Define the hyperparameters and complete the training loop.

In [None]:
env = gym.make("HalfCheetah-v4")
state_dim = env.observation_space.shape[0] # TODO
action_dim = env.action_space.shape[0] # TODO
hidden_size = 64 # TODO
lr = 3e-4 # TODO

agent = model = PPO(state_dim, action_dim, hidden_size=hidden_size, lr=lr).to(device)

# We need to train for many more steps to achieve acceptable results compared to the last environment
num_episodes = 1000 # TODO
update_period = 4

actor_losses = []
critic_losses = []
moving_rewards = np.array([])

In [None]:
def train(start_episode):
    moving_rewards = np.array([])
    for episode in range(num_episodes):
        state, _ = env.reset()
        total_reward = 0
        # TODO
        # write the training loop
        while True:
            action = agent.select_action(state)
            next_state, reward, terminated, truncated, info = env.step(action)
            agent.memory.rewards.append(reward)

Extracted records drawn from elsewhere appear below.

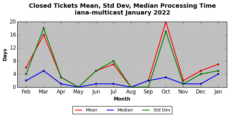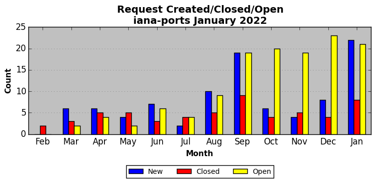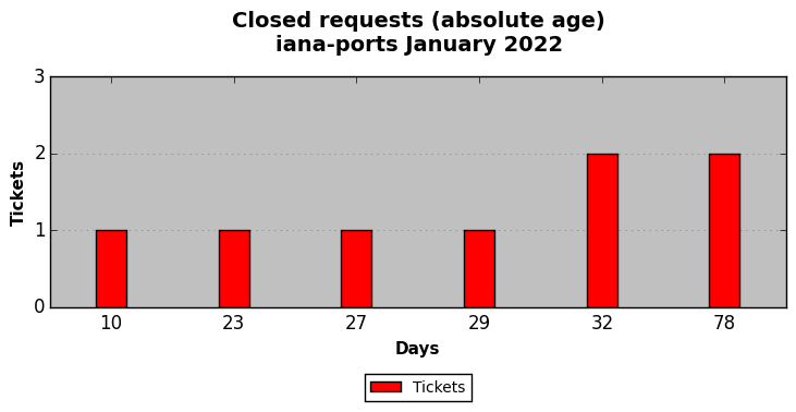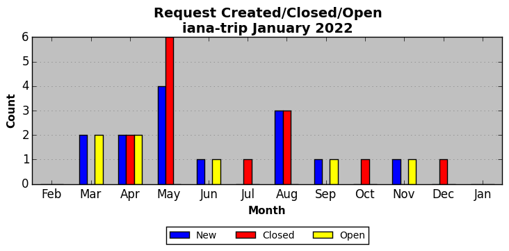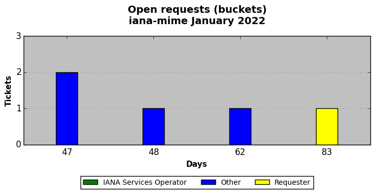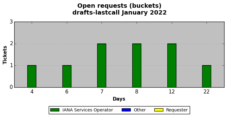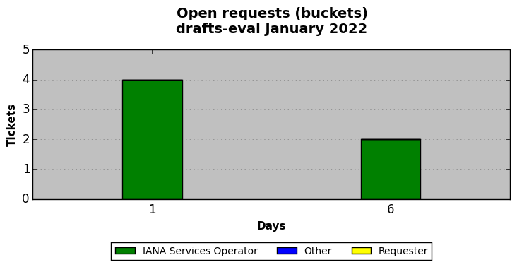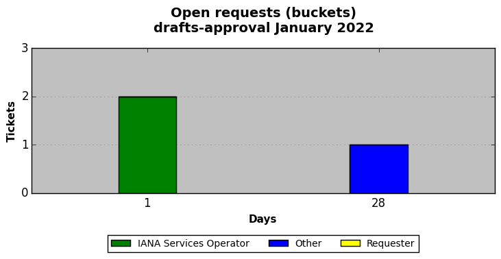 January 2022Due to the nature of resource request reviews, ICANN/IANA and the IETF community are jointly responsible for cooperatively managing the resource request process. ICANN/IANA has control over the functions it performs directly, e.g., receiving requests, making sure they are syntactically and semantically sensible, forwarding the requests to Designated Experts where appropriate, creating and modifying the registries, etc. The IETF community has direct or indirect control over functions performed by third parties, including IESG Designated Experts, the IESG, the IAB, the RFC Editor, and the requester. As such, the processing of requests has a “gross processing time” calendar days goal established for each function and a “net processing time” calendar days goal to reflect time expended directly by ICANN/IANA.
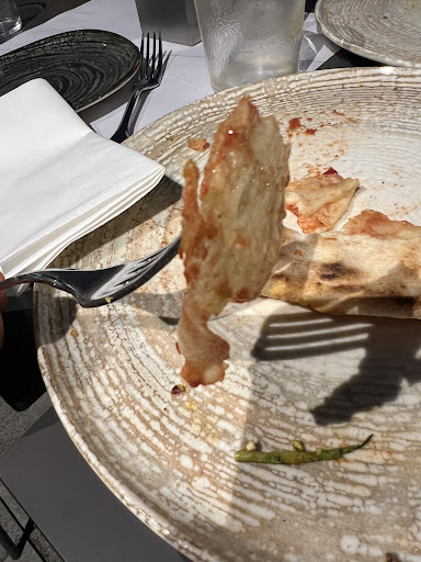 Go here for the views, the terrace and the experience but not for the pizzas. I live in Milano for about half a year now and this is the second worst pizza I’ve had. My way of grading pizza is asking for a Margueritta. In this case they promised “buffalo DOP”. It’s difficult to accept that a place that prides themselves as a “mozzarella bar” puts in pits pizzas something that it is not buffalo mozzarella but even more it is not decent mozzarella. I make my own pizzas and I am used to many different type of cheese from shredded mozzarella to Fior di latte to buffala mozzarella in balls. Mozzarella di buffala is always watery and soft even if you cut it and drain it before but what I was presented was a rubbery flat and dry cheese difficult to chew. (See picture). On the other hand the oven is not a typical traditional dome oven as I have seen in other Obicà restaurants but a regular electric pizza oven. Worst of all the pizzaiolos don’t achieve any leoparding on the crust. Service was hit and miss. We ordered two pizzas, a glass of wine and bottle of water plus a fruit juice for my toddler. They sent two glasses of wine, three pizzas and the water and juice. They returned the excess without much issue but it was a repetitive inconvenience to explain we didn’t ask for those. Olive oil and aceto balsámico on the table were actually excellent but the included basket of 6 pieces of bread for 3 people was a disappointment. Grossing (bread sticks) were stale and not crunchy and the other bread slices on the drier side. You get charged 4 euros for coperto (just for this subpar bread) per person and our 3 year old toddler was accounted as well which I find abusive. In summary, views are pretty good (very close to the side of the Duomo), the terrace is modern and well laid out but the food is really forgettable. UPDATE in response to the owner’s reply: It is very frequent to see restaurants have their standards lowered and lowered specially when you get a constant flux of tourists that are never going to become returning customers. Your explanations about the quality of the flour, the carefull processing of the dough and specially the quality of the mozzarella maybe were something that was done in the past but I guarantee you they are not the current process or ingredients. Just look at the flat rubbery cheese. Do you think that is possible from buffalo mozzarella? Believe me that the looks is generous compared to the flavor and texture which were just like chewing rubber. I dare you to visit the restaurant and verify yourself.
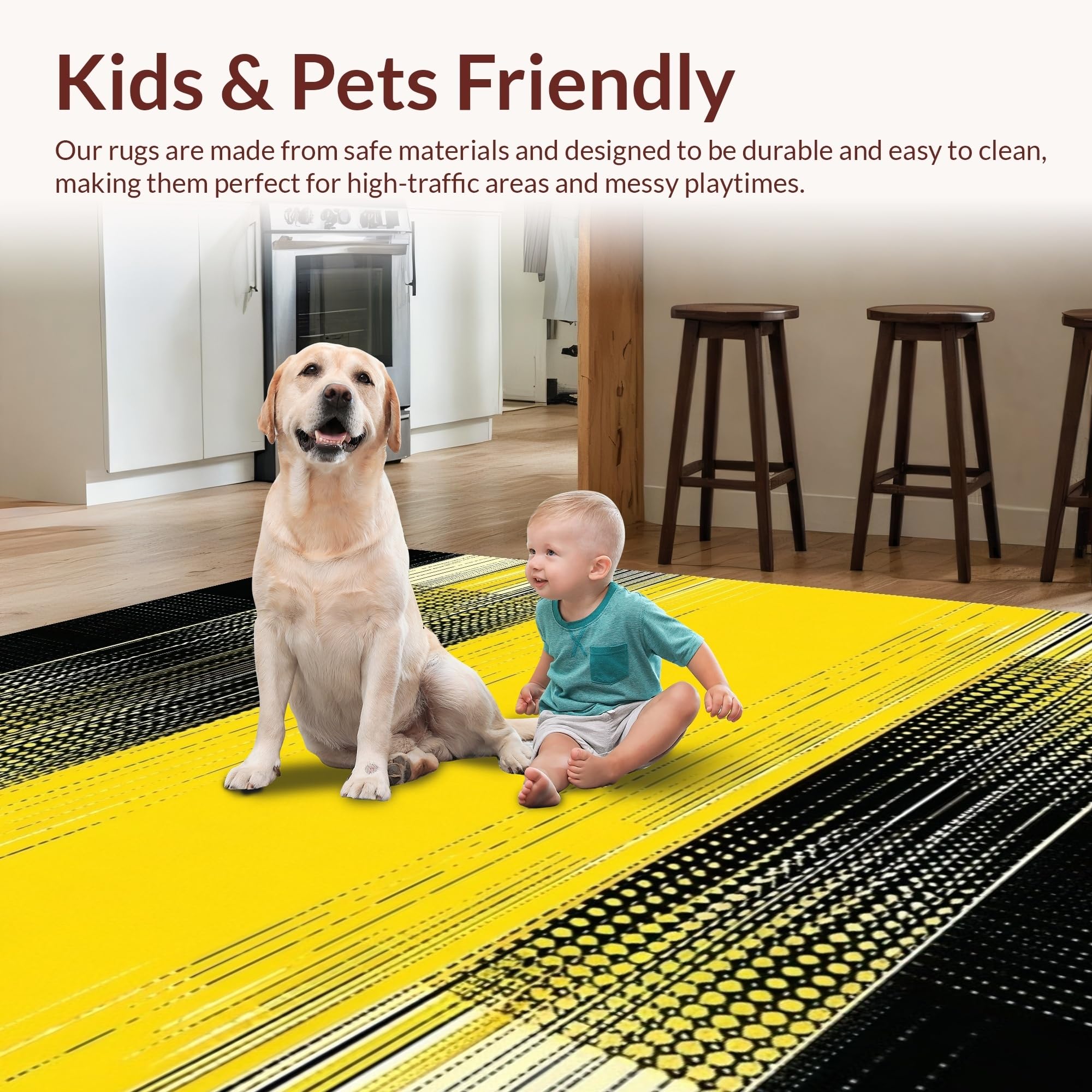 Ultra Soft Area Rug, Non Slip, Stain Resistant, Washable Area Rugs for Living Room, Bedroom, Transitional Unique Textured Design(Black) Overview:

            total_reward += reward
            state = next_state

            if terminated or truncated:
                break

        if episode % update_period == 0:
            loss_ac, loss_cri = agent.update()
            actor_losses.append(loss_ac)
            critic_losses.append(loss_cri)
            moving_rewards = np.append(moving_rewards, total_reward)
        if episode % 100 == 0:
            print(f"actor loss:\t{loss_ac:.6f}")
            print(f"critic loss:\t{loss_cri:.6f}")
            print(f'Episode {episode + start_episode}: Going Reward = {moving_rewards.mean():.1f}: Std = {moving_rewards.std():.1f}')
            moving_rewards = np.array([])

    env.close()


def save_memory_to_json(memory, filename):
    memory_data = {
        'actions': [action.tolist() for action in memory.actions],
        'states': [state.tolist() for state in memory.states],
        'logprobs': [logprob.tolist() for logprob in memory.logprobs],
        'rewards': [reward.tolist() for reward in memory.rewards],
        'state_values': [state_value.tolist() for state_value in memory.state_values]
    }

    with open(filename, 'w') as f:
        json.dump(memory_data, f)


def load_memory_from_json(filename):
    with open(filename, 'r') as f:
        memory_data = json.load(f)

    # Convert lists back to tensors
    memory = Memory()
    memory.actions = [torch.tensor(action) for action in memory_data['actions']]
    memory.states = [torch.tensor(state) for state in memory_data['states']]
    memory.logprobs = [torch.tensor(logprob) for logprob in memory_data['logprobs']]
    memory.rewards = [torch.tensor(reward) for reward in memory_data['rewards']]
    memory.state_values = [torch.tensor(state_value) for state_value in memory_data['state_values']]

    return memory

In [None]:
train(0)
torch.save(agent.actor.state_dict(), 'ppo_actor_model.pth')
torch.save(agent.critic.state_dict(), 'ppo_critic_model.pth')
save_memory_to_json(agent.memory, 'ppo_memory.json')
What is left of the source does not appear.